The debate on the efficacy of Value-Added Models as a measure of teacher effectiveness continues and the well-documented reservations remain unresolved, but the game changed last year when the Gates Foundation turned its attention from “small schools” to teacher quality issues. One of the key Gates initiatives is the so-called Measures of Effective Teaching Project which issued a “preliminary findings” report in December. The foundation has committed $248 million to this effort.
There are two components to the project, one involving videotaping lessons from over 3000 teachers who volunteered to be taped under a confidentiality agreement, and the other — and the second component — involves teacher assessment based on value-added test score results and student ratings of teachers based on seven different dimensions.
My guess is that the rush to get out preliminary findings was intended to influence policy discussions related to possible reauthorization of ESEA. Even though the preliminary results are truly preliminary and highly speculative they are not presented that way and the casual reader of the policy brief – a slick document published separately from the actual report and given wide circulation – is led to believe that there are strong indications that value-added scores are more predictive than the evidence presented in the report supports at this stage of the project.
One critique of the Learning About Teaching Report just released recently by the National Education Policy Center, a review written by Jesse Rothstein at Stanford University, states the following:
…the preliminary MET results contain important warning signs about the use of value-added scores for high-stakes teacher evaluations. These warnings, however, are not heeded in the preliminary report, which interprets all of the results as support for the use of value-added models in teacher evaluation. Moreover, the report’s key conclusions prejudge the results of the unfinished components of the MET study. This limits the report’s value and undermines theMET Project’s credibility.
The concern is that this independent research contracted for by a wealthy foundation may be unduly influenced by a pre-determined action agenda. This is the nature of the current policy/research climate in which the tail often wags the dog and requires increased due diligence on the part of teachers and their organizations.
As Rothstein’s Review points out, the MET Project has two aims or premises: “First, a teacher’s evaluation should depend to a significant extent on his/her students’ achievement gains; second, any additional components of the evaluation(e.g. observations) should be valid predictors of student achievement gains.” While increasing student achievement is obviously important, it certainly should not be the only lens through which we judge a teacher’s performance.
There should be no doubt that powerful forces are coming to bear on the notion of teacher effectiveness.
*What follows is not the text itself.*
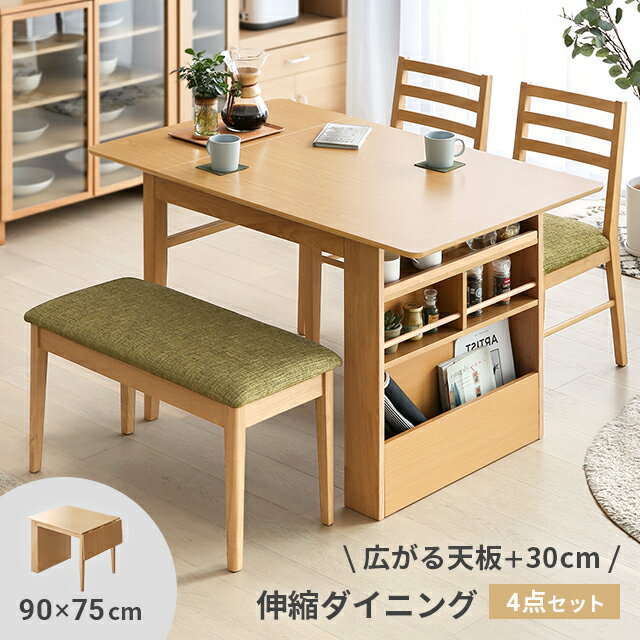 ダイニングテーブルセット 4人掛け ベンチ バタフライ 伸長式 ダイニングセット 4人 収納付き ダイニング 4点セット チェア ベンチ ダイニングチェア 北欧 モダン ウッド 木 カントリー 天然木 食卓テーブル おしゃれ
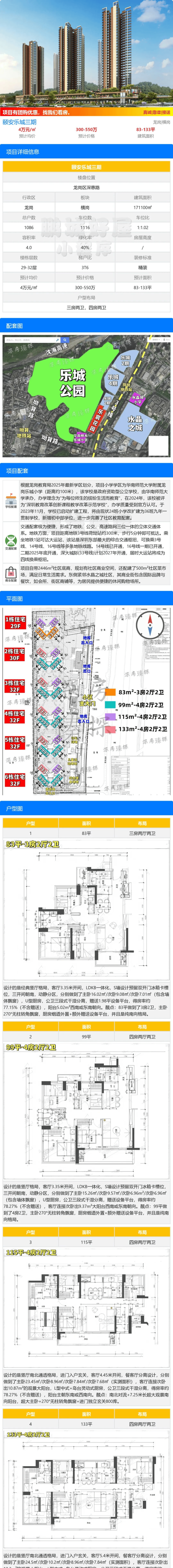 龙岗区大运板块【颐安乐城三期】(备案名:乐宸花园)计划2025年9月底取证入市,本次将首推1-3栋住宅,共528套房源,面积有83m²的3房2卫,99-115-132m²的4房2卫户型,其中83平的3房户型仅有112套,99平的4房是主力户型。

It seems that one message adopted by the inner circle is that “value-added measures are flawed, but not enough that they should not be used.” In the policy brief released with the preliminary finding when talking about the volatility of results from class to class and year to year, the authors state that, “… our analysis shows that volatility is not so large as to undercut the usefulness of value-added as an indicator of future performance.” It seems more than mere coincidence that just a few days after the release, a commentary entitled “Value-added: It’s Not Perfect, But It Makes Sense” was published in Education Week in which the authors state the following:
The common thread in technical critiques of value-added evaluation is that teachers subjected to it will often be misclassified, e.g., a teacher who is identified as “ineffective” is, in fact, “average.” Given the typical reliability of value-added measures, there is no doubt that such misclassifications will occur with some frequency. However, we must recognize that all decision making systems generate classification errors, including those used today. Moreover, different types of errors have different consequences.
In the case of teacher value-added, the focus has been almost entirely on so-called false-negative errors, i.e., teachers who are falsely classified as ineffective because the measures are not perfectly reliable. But framing the problem in terms of false negatives places the focus almost entirely on the interests of the teacher who is being evaluated rather than the students who are being served.
If you are interested in the policy discussion related to teacher evaluations, add these to your reading list:
Secretary Duncan on Reauthorization Washington Post Jan. 3, 2011 (see comments on teacher effectiveness)
The Widget Effect (New Teacher Project
Fact Sheet on Measuring Effective Teaching Project
Learning About Teaching: Initial Findings from the Measures of Effective Teaching Project
Preliminary Findings Policy Brief
Education Week Commentary: Value-Added: It’s Not Perfect But It Makes Sense
I fear that the educational “blame-game” will continue indefinately as “experts” are forced to continue justifying their salaries by pinning the fall of educational effectiveness on the one thing they have control over – TEACHERS. At the end of the day, teachers are only able to teach students who come to school, don’t skip class, actually participate in lessons, and who understand there are enforceable consequences for bad behavior backed by parents and administrators alike. There are underlying reasons for a lack of student performance that have grown since 1970 along with costs. The number of students that have non English speaking parents has increased, the number of students from homes living below the poverty line has increased, and the number of students who have a single parent that they see only on weekends has increased. These factors have all significantly contributed to the number of students that simply aren’t in school or show up hungry, tired, and not ready to learn. Let’s all be careful that we aren’t focussing on teacher effectiveness/evaluations without considering ALL the factors effecting student performance.